Melody Homer, the wife of Flight 93’s first officer, was at home in Marlton, N.J., the morning of Sept. 11 with their 10-month-old child. Within minutes of seeing the second plane turn into a fireball, Ms. Homer called the Flight Operations Center at John F. Kennedy International Airport, which keeps track of all New York-based pilots. She was told that her husband’s flight was fine.

“Whether or not my husband’s plane was shot down,” the widowed Mrs. Homer said, “the most angering part is reading about how the President handled this.”

Mr. Bush was notified 14 minutes after the first attack, at 9 a.m., when he arrived at an elementary school in Sarasota, Fla. He went into a private room and spoke by phone with his national security advisor, Condoleezza Rice, and glanced at a TV in the room. Mrs. Homer’s soft voice curdles when she describes his reaction: “I can’t get over what Bush said when he was called about the first plane hitting the tower: ‘That’s some bad pilot.’ Why did people on the street assume right away it was a terrorist hijacking, but our President didn’t know? Why did it take so long to ground all civilian aircraft? In the time between when my husband’s plane took off [at 8:41 a.m.] and when the second plane hit in New York [9:02 a.m.], they could have turned back to airfield.” . . .

After 14 months of watching while commissioners politely negotiated with a White House that has used every known ruse and invented some new ones to evade, withhold and play peekaboo with the commissioners, the Four Moms and their Families Steering Committee feel frustrated almost to the boiling point. . . .

The widows are furious that Dr. Rice was allowed to be interviewed in private and has not agreed-- nor been subpoenaed-- to give her testimony, under oath, before the American people.

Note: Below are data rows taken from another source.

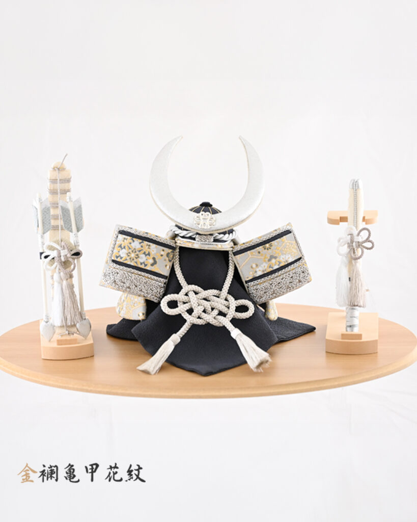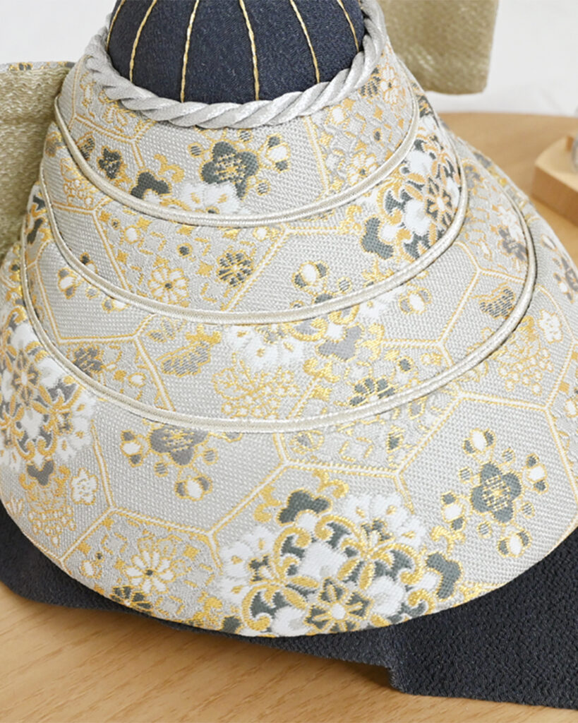 夢み屋オリジナルの金襴生地を使用した、格調高い兜飾り。艶のある白地に織り込まれた金糸が、光を受けて模様を浮かび上がらせ、上品で華やかな印象を与えます。織物の中でも最高位に位置づけられる素材です。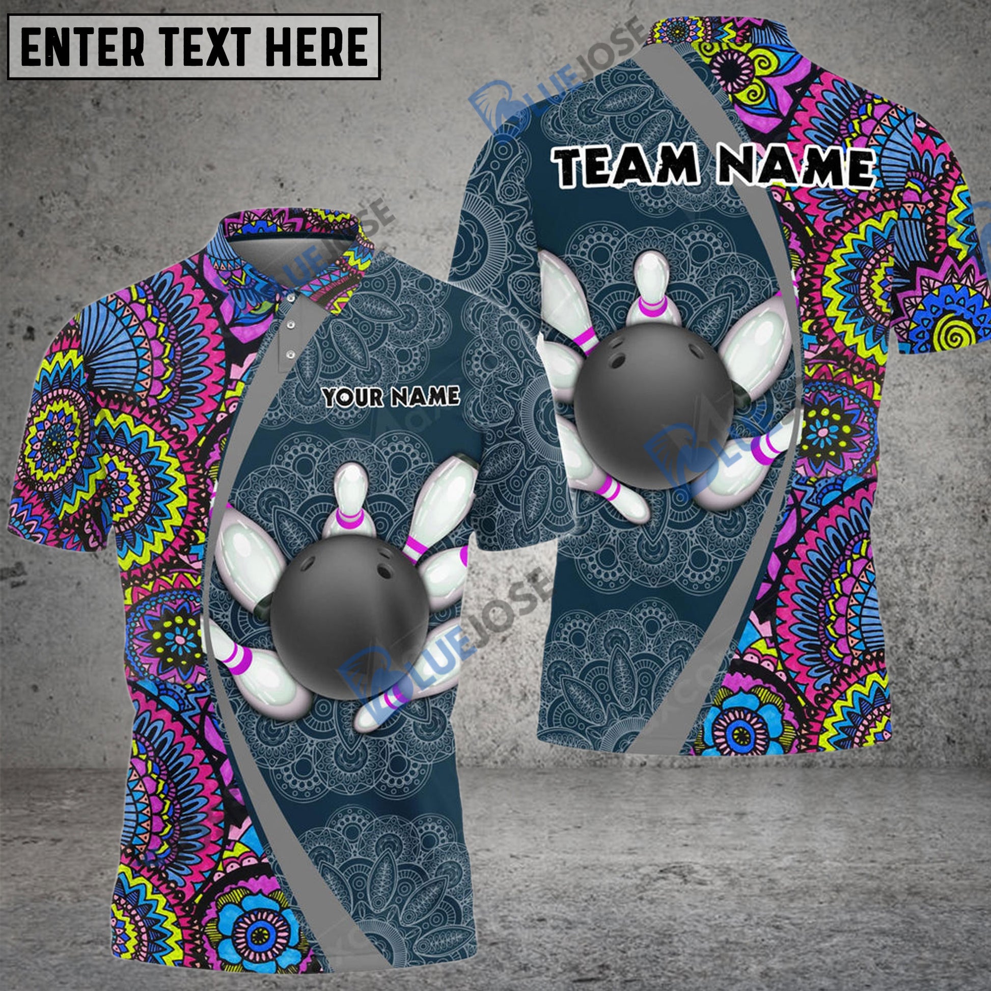 BlueJose Bowling And Pins Mandala Customized Name 3D Shirt (4 Colors)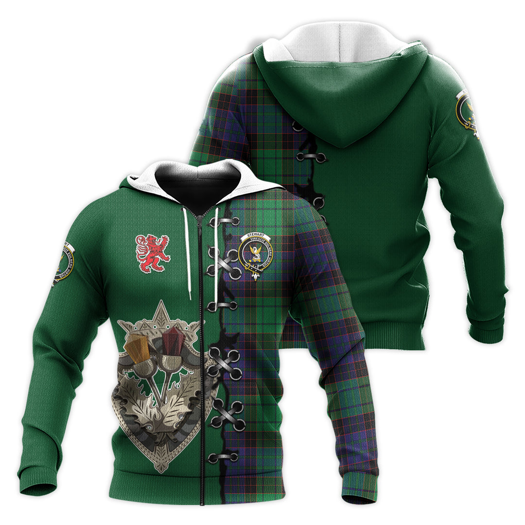 Stewart Old Modern Tartan Hoodie - Lion Rampant And Celtic Thistle Style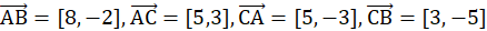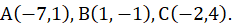 Należy wyznaczyć długości boków oraz miary kątów trójkąta ABC, jeżeli

When 9/11 commission chairman Tom Kean gave his sobering assessment last December that the 9/11 attacks could have been prevented, the Bush White House saw the bipartisan panel spinning out of its control. In the President’s damage-control interview with NBC’s Tim Russert last weekend, Mr. Bush was clearly still unwilling to submit to questioning by the 9/11 commission. “Perhaps, perhaps,” was his negotiating stance.

Asked why he was appointing yet another commission-- this one to quell the uproar over why we attacked Iraq to save ourselves from Saddam’s mythical W.M.D.-- the President said, “This is a strategic look, kind of a big-picture look about the intelligence-gathering capacities of the United States of America. Congress has got the capacity to look at the intelligence-gathering without giving away state secrets, and I look forward to all the investigations and looks.”

Congress has already given him a big-picture look-- in a scathing 900-page report by the joint House and Senate inquiry into the intelligence failures pre-9/11. But the Bush administration doesn’t look at what it doesn’t want to see.

“It is incomprehensible why this administration has refused to aggressively pursue the leads that our inquiry developed,” fumes Senator Bob Graham, the former co-chairman of the inquiry, which ended in 2003. The Bush White House has ignored all but one or two of the joint inquiry’s 19 urgent recommendations to make the nation safer against the next attempted terrorist attack. The White House also allowed large portions of the inquiry’s final report to be censored (redacted), claiming national security, so that even some members of the current 9/11 commission-- whose mandate was to build on the work of the congressional panel-- cannot read the evidence.

Senator Graham snorted, “It’s absurd.”

Actually Bob Graham is quite wrong about this, on two counts.  One, it’s entirely comprehensible, and two, it’s not absurd-- it’s obscene.

But it would appear that Al-Qaeda’s recent endorsement of Bush is looking better and better.